They were a group: she, then the other girl who was at the party, and another one who I feel disliked me for some reason. I’d always want to chat with them, whenever I could, but the third one always made me awkward. If I get a sense of the fact that I’m not wanted, I try to jet ’cause I can’t bear thick tension between people, especially when I’m the cause of it. Girls like that, not her I’d say: the one whom these pages are about but the other two, after marriage mostly live for their families. I’d say they’re some of the most important people we need for if not for a good, stable home man has nothing. Girls like that on the whole are full to the brim with common decency. In short they can’t really cause anyone any serious harm, sometimes even if they want to. And that goodness is real like that of friendly dog, and not like the speeches of a vain moralist who in reality is as selfish and filthy a crook as any other. I don’t like it when “career” women look down upon such women, the excuse that, ‘It’s so shallow and old-fashioned,’ doesn’t hold true just because you’re too cold and detached to do it. In this day and age to raise a healthy, stable family is as difficult a job as having any career you can think of. These are the same kind of women who derive their complacency from the fact they’re now doing things that were only done by men few generations ago, regardless of how destructive or pointless those actions may be.
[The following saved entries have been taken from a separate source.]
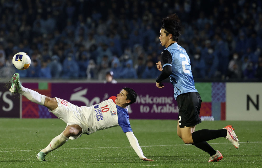 3月12日,上海申花隊球員劉誠宇(左)與川崎前鋒隊球員丸山祐市在比賽中拼搶。新華社記者 賈浩成 攝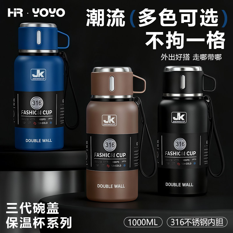 新款316不锈钢保温杯真空便携式男泡茶杯子大容量户外水壶1500ml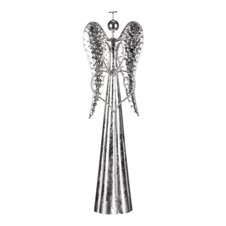 Anděl kovový, se svítícím srdcem (LED), stříbrná barva.

Though returning back to our girl, when my turn came I couldn’t play the role of the chaser as she had few years ago, it wasn’t as obvious as hers anyway. Even though I knew she liked me a lot in the past, I couldn’t use that as a spring to her ask her out. Dating always requires a certain effort and I feel I’ve always lacked the vitality needed for it, even though I’ve had my share. Sometimes I was so clumsy in my efforts with her that they’d leave me puzzled and embarrassed for days on end. I just couldn’t do it. The cheese was right there but I just couldn’t reach it. I guess doubt is an instinct in man, not something external forced upon by circumstance.

They say, ‘The chase is better than the catch.’ But I disagree. I say catch and see how it is. Even today I’m curious how it would have been. ’Cause I always felt she wanted something else than the usual humdrum of dating, something dark, unknown and potent: the unchartered waters, the deep-end of the pool where only few go. There was a definite need to break-away in her as if she thought she was above her surroundings, that it was a temporary muck she had to bear with till what she rightly deserved came to her. And maybe she sought that escape through me, for she pursued long enough.

Anyway her intuition was right, for today, I’d do anything to bypass the usual way of life.    

Gootlimama

The title is a pet-name designed by yours truly. It was the Marathi period. I was seated near the last bench with a friend, and Gootlimama was seated right next to us on the left. Usually he was one those moping around kind of sort. He was very gloomy that way. But on that day during that period, he was unusually straight and attendant. This was of course till I had a look downstairs.

His crotch was trembling, as if there was a big earthquake going on underneath. I showed my friend what I saw but even he couldn’t figure out what was going on. Then I bent forward and noticed his right-hand was in his pocket, and put the pieces together. The teacher was present, the children were present, but of course Gootlimama was in a world of his own with the girl of his dreams. His face was stiff. Caught in the orgasm it almost looked artificial, like a wax statue version of him, and his eyes were darted straight forward as if he were really concentrating hard. For once the teacher didn’t shout at him for moping around.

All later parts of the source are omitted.